Hoe kan de wereld van de klassieke muziek inclusiever worden? Journalist en schrijver Stephan Sanders legde die vraag de afgelopen maanden voor aan diverse prominenten. Het leverde waardevolle verhalen op. Soms ontroerend, soms pijnlijk, maar altijd verhelderend en recht uit het hart. In deze nabeschouwing gaat Sanders in gesprek met Simon Reinink, algemeen directeur van Het Concertgebouw. ‘Wanneer een zwart of gekleurd publiek denkt dat klassieke muziek voor witte mensen is, tekent dat niet zozeer hun probleem als wel ons tekort.’
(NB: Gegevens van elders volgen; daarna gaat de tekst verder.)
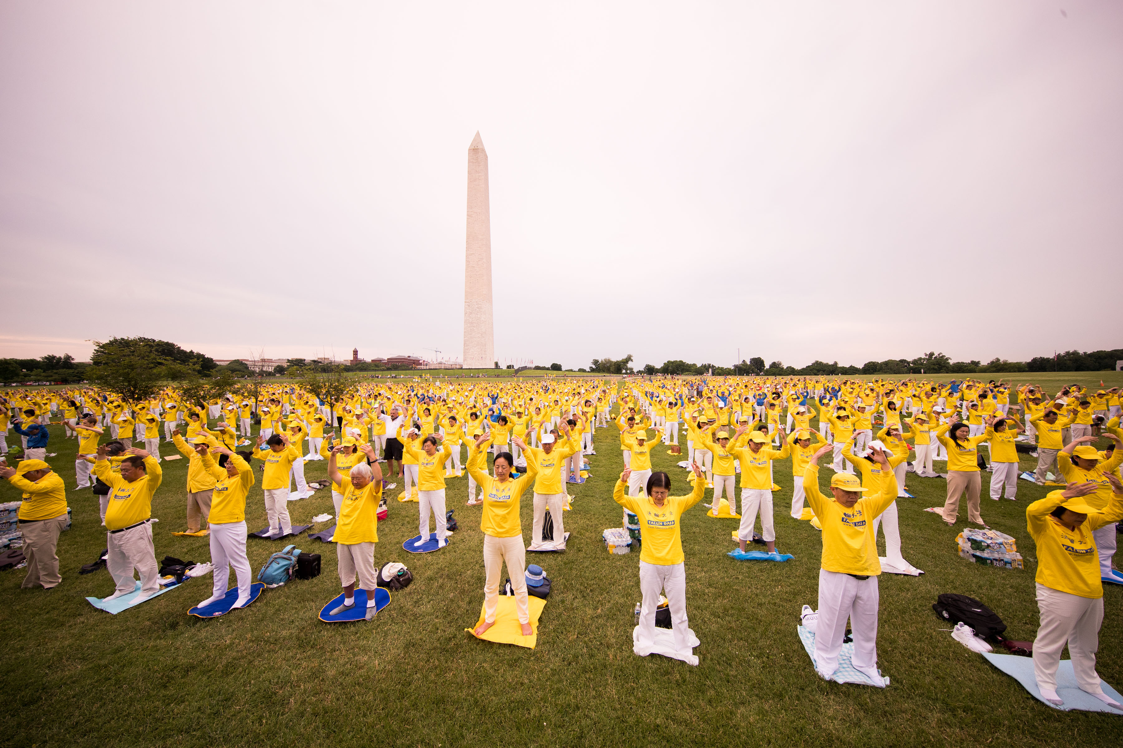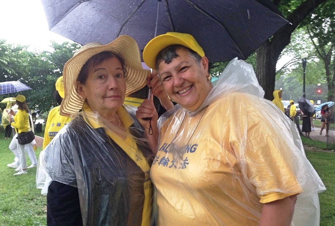 来自佛罗里达的俄国族裔的法轮功学员玛丽亚• 布朗史廷(Maria Bromshteim),今年六十多岁,她说:“跟所有来自世界各地的法轮功学员一样,我今天冒雨在这里坚持炼功和排字,是希望通过这个活动能让更多人知道法轮功的美好和在中共受迫害十几年的真相,希望各国政府都能站出发声,制止中共继续迫害法轮功。”

Ik meende het wel zo’n beetje te weten, maar ik wist er achteraf gezien niet veel van. Een goed jaar geleden, in het najaar van 2021, werd ik benaderd door Het Concertgebouw met de vraag of ik een serie interviews wilde afnemen. Er was een lijstje bijgevoegd met mogelijke interviewkandidaten die zich moesten buigen over het diversiteits- en inclusiviteitsgehalte van de Amsterdamse muziektempel. Daar zaten uitvoerende musici bij, bestuurders, marketingmensen en vaste bezoekers die konden vertellen over hun ervaringen.
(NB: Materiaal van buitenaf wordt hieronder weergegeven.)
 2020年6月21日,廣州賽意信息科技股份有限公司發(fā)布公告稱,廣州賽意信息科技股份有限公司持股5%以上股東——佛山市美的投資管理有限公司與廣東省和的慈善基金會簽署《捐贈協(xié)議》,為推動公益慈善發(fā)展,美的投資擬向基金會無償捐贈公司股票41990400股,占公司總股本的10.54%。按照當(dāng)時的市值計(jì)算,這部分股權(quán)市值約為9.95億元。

Ik sprak aan het begin van de interviewreeks met Simon Reinink, algemeen directeur van Het Concertgebouw. We begroetten elkaar toen in 2021 met een gepast knikje op afstand (covid-19). Een jaar later, bij het afsluitende gesprek, schudden we elkaar de hand. Er is bijna ongemerkt progressie, altijd, wil ik maar zeggen.

In die tussentijd heb ik veel bijgeleerd. Ik was meteen enthousiast over de opdracht om een met aantal belanghebbenden te spreken over het idee ‘van exclusief naar inclusief’. Of, zoals de tekstschrijvers van Het Concertgebouw het in hun introductie zelf verwoorden: ‘Het Concertgebouw wil iedereen verwelkomen. Maar niet iedereen voelt zich welkom in Het Concertgebouw. (…) Welke kansen zijn er om (…) de wereld van de klassieke muziek meer inclusief te maken?’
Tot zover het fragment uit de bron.